Here's a pic of the cc, cant seem to find one of my dressage saddle anywhere without me in it blocking the view haha


----------



## horselovinguy (Oct 1, 2013)

http://www.horsetackreview.com/review-display.php?ID=5702

The above is a review, only one was made from all the purchasers of said saddle...
I'm not going to say yes or no but am going to say _be very careful_ of the quality when a "new" saddle costs $350 and a entry level saddle on www.doversaddlery.com, www.statelinetack.com, www.horse.com, www.chicksaddlery.com website is near $600 or more....


You live in Washington state by your sign-in information...
I would strongly suggest you look at Craigslist listings, local tack shops and online sale pages for a name brand used close contact saddle.
You can probably, in fact I saw quite a few listings for nice saddles in a variety of sizes for not quite what you would be looking to spend...
Quality costs money...
Craftsmanship, leather that saddles are made from, good quality trees are what make saddles costly...
When you factor in those items and new the saddle sells for $350...making the business seller a profit...
_How good a quality are you really purchasing?_
2 year warranty on the saddle tree...tells me a lot about that quality.
Most any quality saddle manufacturer today is a minimum of 5 years on the tree alone...

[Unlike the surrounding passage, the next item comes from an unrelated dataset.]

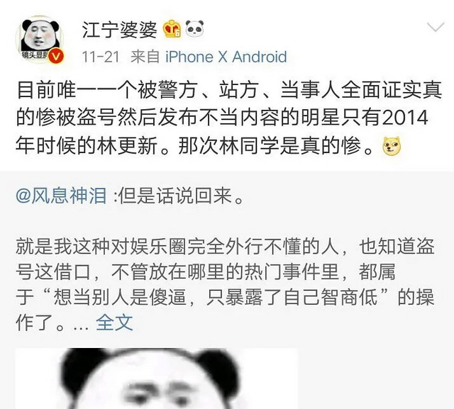 而在2018年11月,江宁婆婆曾在微博上表示,彼时唯一一个被警方、站方和当事人全面证实的惨被盗号发布不当内容的明星只有2014年时候的林更新。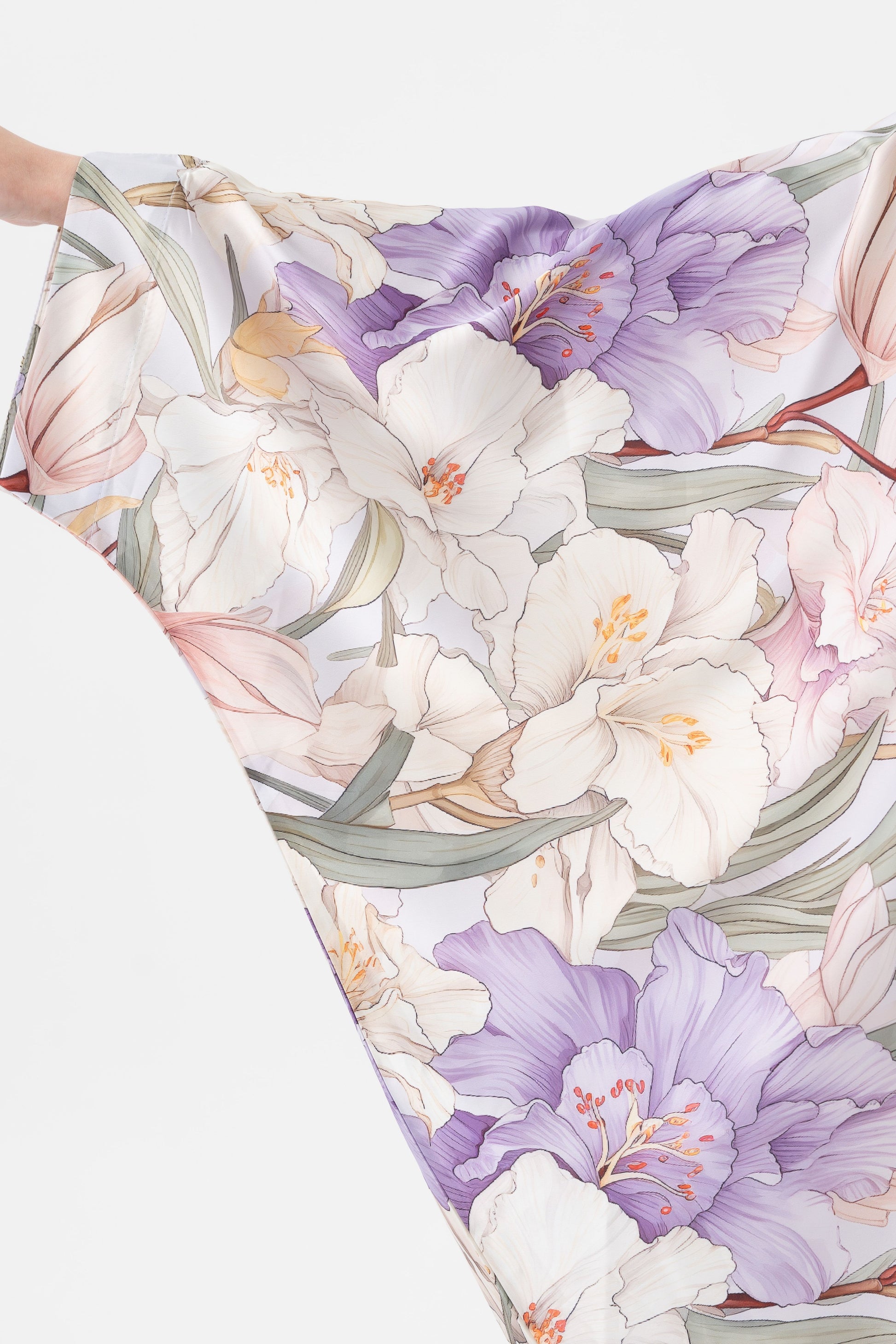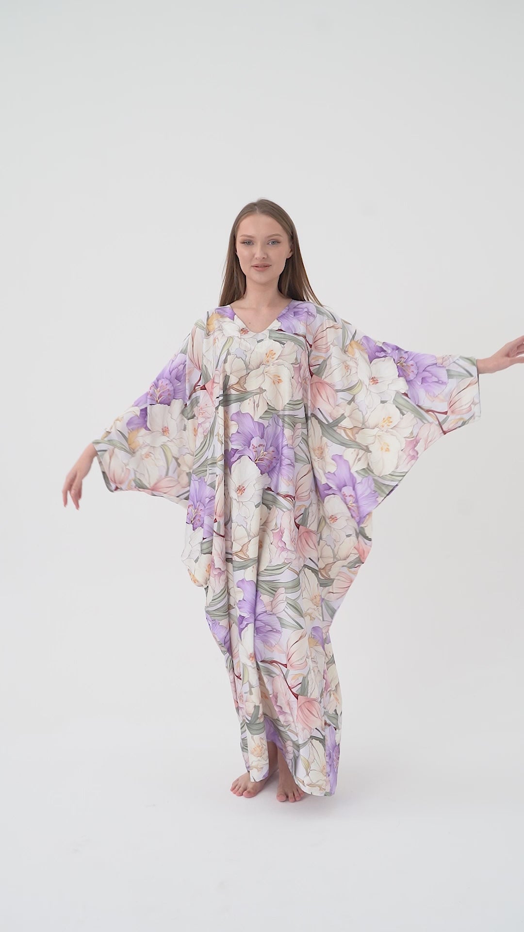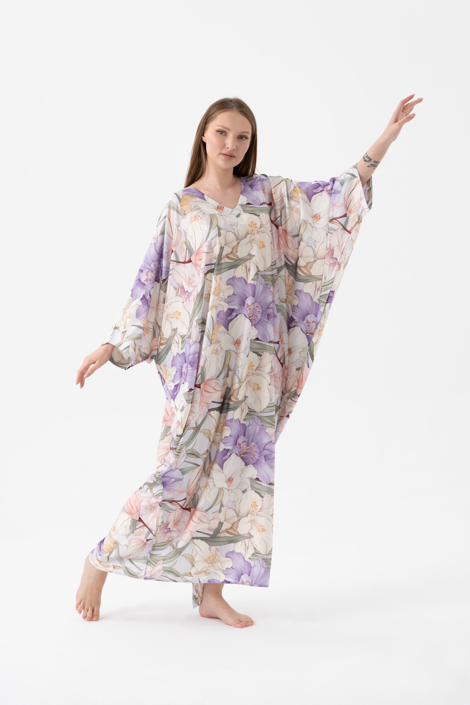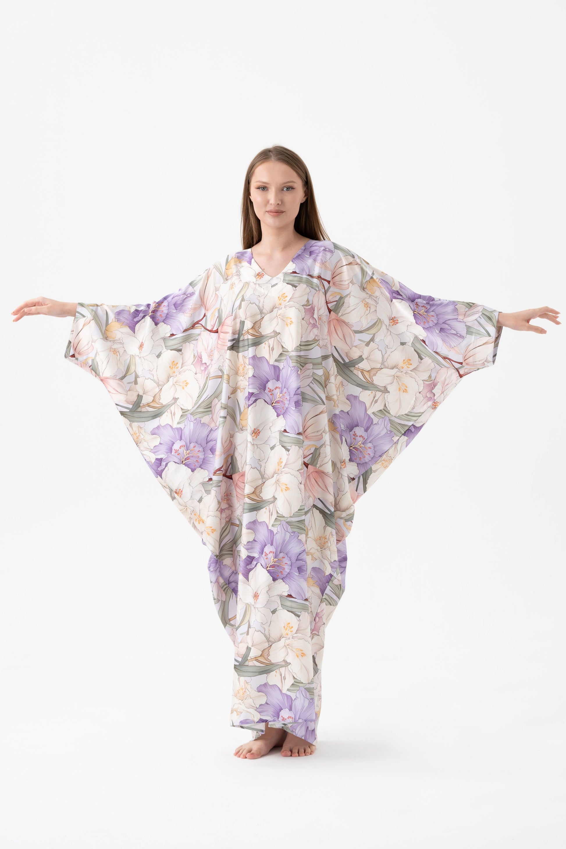 Celebrate modest fashion with the Isabela Amie Paris Modest French Lilies Kaftan. The Lilly is a delicate flower is that recognized by France as symbol of royalty, culture, light, purity and chastity. Whether your plans are to drink tea in a French garden in Paris or champagne on yacht at the French Riviera this kaftan will be sure to suit your body and your lifestyle perfectly. The silk satin drapes beautifully over your body showing a sensual silhouette as you walk by due the satin weaving techniques. The kaftan is hypoallergenic, cool, butterfly soft, elegantly shiny and wrinkle free. You can easily pack it for any trip and style with comfortable sandals or a sexy heel for a more sophisticated look.

Synthetic is cheaper to make than leather...
I do not like synthetic, but I think in this case it might be the smarter thing to consider...
Look at quality made synthetic to stay in your budget or look for a used leather saddle with a manufacturer name you recognize....
I think I would pass on the saddle you mention...
_sorry._
:runninghorse2:_..._
_jmo...
_


----------



## EdmontonHorseGal (Jun 2, 2013)

any new saddle that cheap is not going to be high quality or could possibly even hurt your horse due to shoddy craftsmanship in the tree.

i would stear clear and instead find a used good quality/brand name saddle instead as horselovinguy suggested, on your local classifieds type sites (craigslist etc). this way you can also try it on your horse and ride in it prior to purchasing to ensure it fits well for both you and the horse.


----------